O aumento das atribuições de habitação social no Porto está a ser acompanhado por alterações no perfil das famílias apoiadas, segundo dados do Observatório de Habitação Social do Município. A análise, com base em informação de 2024 e 2025, aponta para mudanças nas características dos novos agregados alojados em regime de renda apoiada.

Dentro do período considerado, e numa primeira leitura global, a empresa municipal regista uma subida no número de atribuições de casas. Entre 2024 e 2025, o número de novos contratos celebrados entre o Município e portuenses que aguardavam a atribuição de habitação social cresceu 11%, de 189 para 209.

Passando à observação do perfil sociodemográfico das novas famílias alojadas, a Domus Social conclui então que, por força da disponibilidade de habitações requalificadas, os novos arrendatários do parque de habitação pública municipal apresentam características distintas.

No que diz respeito à composição familiar, em 2024 prevalecia a procura de tipologias T2 e T3, mas em 2025 a maioria das atribuições passou a ser de T1, adequados a casais ou a isolados. A empresa municipal dá nota de que este ajustamento responde ao crescente perfil de famílias com um ou dois elementos, as quais representavam 26% em 2024 e 35% em 2025.
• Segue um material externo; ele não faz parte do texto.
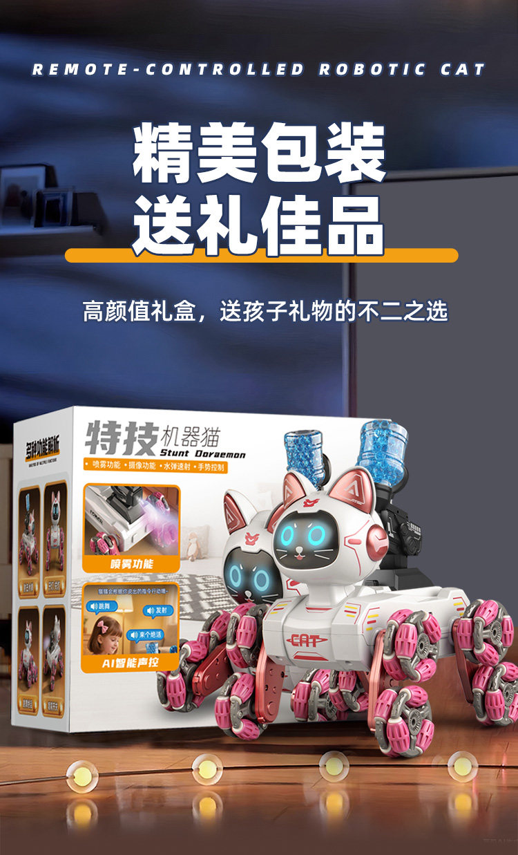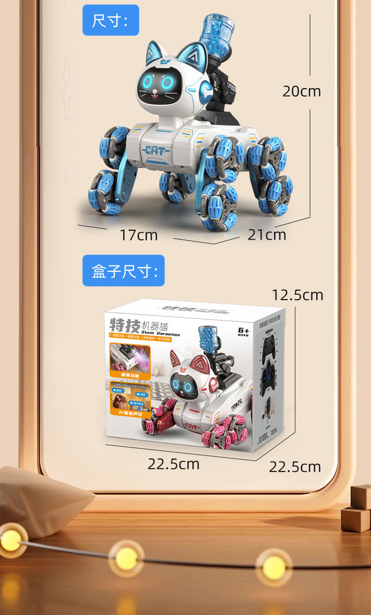 | Color Classification | Pink Upgraded Version - Eight-Wheel Pose Switching Doraemon [Interactive/Demo/Music] Handheld Remote Control,Pink Upgraded Version - Eight-Wheel Pose Switching Doraemon [Interactive/Demo/Music] Dual Control with Gamepad + Gesture Sensor Watch,Blue Upgraded Version - Eight-Wheel Pose Switching Doraemon [Interactive/Demo/Music] Handheld Remote Control,Blue Upgraded Version - Eight-Wheel Pose Switching Doraemon [Interactive/Demo/Music] Dual Control with Gamepad + Gesture Sensor Watch,Black Upgraded Eight-Wheel Pose Switching Robot Dog [Interactive/Demo/Music] - Handheld Remote Control,Black Upgraded Eight-Wheel Pose Switching Robot Dog [Interactive/Demo/Music] - Dual Control with Gamepad + Gesture Sensor Watch,Pink - Spray Version - Eight-Wheel Pose Switching Doraemon [Interactive/Demo/Music] Handheld Remote Control,Pink - Spray Version - Eight-Wheel Pose Switching Doraemon [Interactive/Demo/Music] Handheld Controller + Gesture Sensor Watch Dual Control,Blue - Spray Version - Eight-Wheel Pose Switching Doraemon [Interactive/Demo/Music] Handheld Remote Control,Blue - Spray Version - Eight-Wheel Pose Switching Doraemon [Interactive/Demo/Music] Handheld Controller + Gesture Sensor Watch Dual Control,Pink - Water Bomb Edition - Eight-Wheel Pose Switching Doraemon [Interactive/Demonstration/Music] Handheld Remote Control,Pink - Water Bomb Edition - Eight-Wheel Pose Switching Doraemon [Interactive/Demo/Music] Handheld Controller + Gesture Sensor Watch Dual Control,Blue - Water Bomb Edition - Eight-Wheel Pose Switching Doraemon [Interactive/Demonstration/Music] Handheld Remote Control,Blue - Water Bomb Edition - Eight-Wheel Pose Switching Doraemon [Interactive/Demo/Music] Handheld Controller + Gesture Sensor Watch Dual Control,Pink - Ai Voice Control - Eight-Wheel Pose Switching Doraemon [Interactive/Demonstration/Music] Handheld Remote Control,Pink - Ai Voice Control - Eight-Wheel Pose Switching Doraemon [Interactive/Demo/Music] Dual Control: Gamepad + Gesture Sensor Watch,Blue - Ai Voice Control - Eight-Wheel Pose Switching Doraemon [Interactive/Demonstration/Music] Handheld Remote Control,Blue - Ai Voice Control - Eight-Wheel Pose Switching Doraemon [Interactive/Demo/Music] Dual Control: Gamepad + Gesture Sensor Watch,Black-8K Remote Real-Time Reconnaissance Video and Photo Taking Robot Dog [Handle + Mobile Phone Dual Control],Black-8K Remote Real-Time Reconnaissance Video and Photo Taking Robot Dog [Handle + Mobile Phone + Watch Three Controls] |

Predominam, assim, agregados mais pequenos, em detrimento das tradicionais famílias numerosas ou com maior incidência de elementos desempregados.

Relativamente ao sexo e à idade, a Domus Social verifica que os novos residentes são maioritariamente mulheres, com uma idade média de 50 anos.

Ainda sobre a situação laboral, a empresa evidencia a referida diminuição do número de beneficiários desempregados – de 31,2%, em 2024, para 25,8%, em 2025 – e um crescimento da percentagem de arrendatários reformados.

Criado em 2020 pela Empresa de Habitação e Manutenção do Município do Porto, o Observatório de Habitação Social tem vindo a consolidar-se como uma ferramenta técnica e científica de apoio à formulação, monitorização e avaliação de políticas públicas, com rigor metodológico e impacto prático.

Mais do que um repositório de dados, o Observatório afirma-se como um espaço de reflexão e inovação social, que permite identificar padrões e acompanhar transformações socio espaciais, permitindo tomadas de decisão orientadas para a coesão social e a justiça habitacional.

Entretanto, ficou disponível, durante o segundo semestre de 2025, uma versão otimizada da plataforma digital, que veio possibilitar o acesso, em tempo real, a mais indicadores e uma leitura mais fina, comparativa e dinâmica dos referidos fenómenos sociais, que se verificam no contexto municipal, ao nível da habitação social.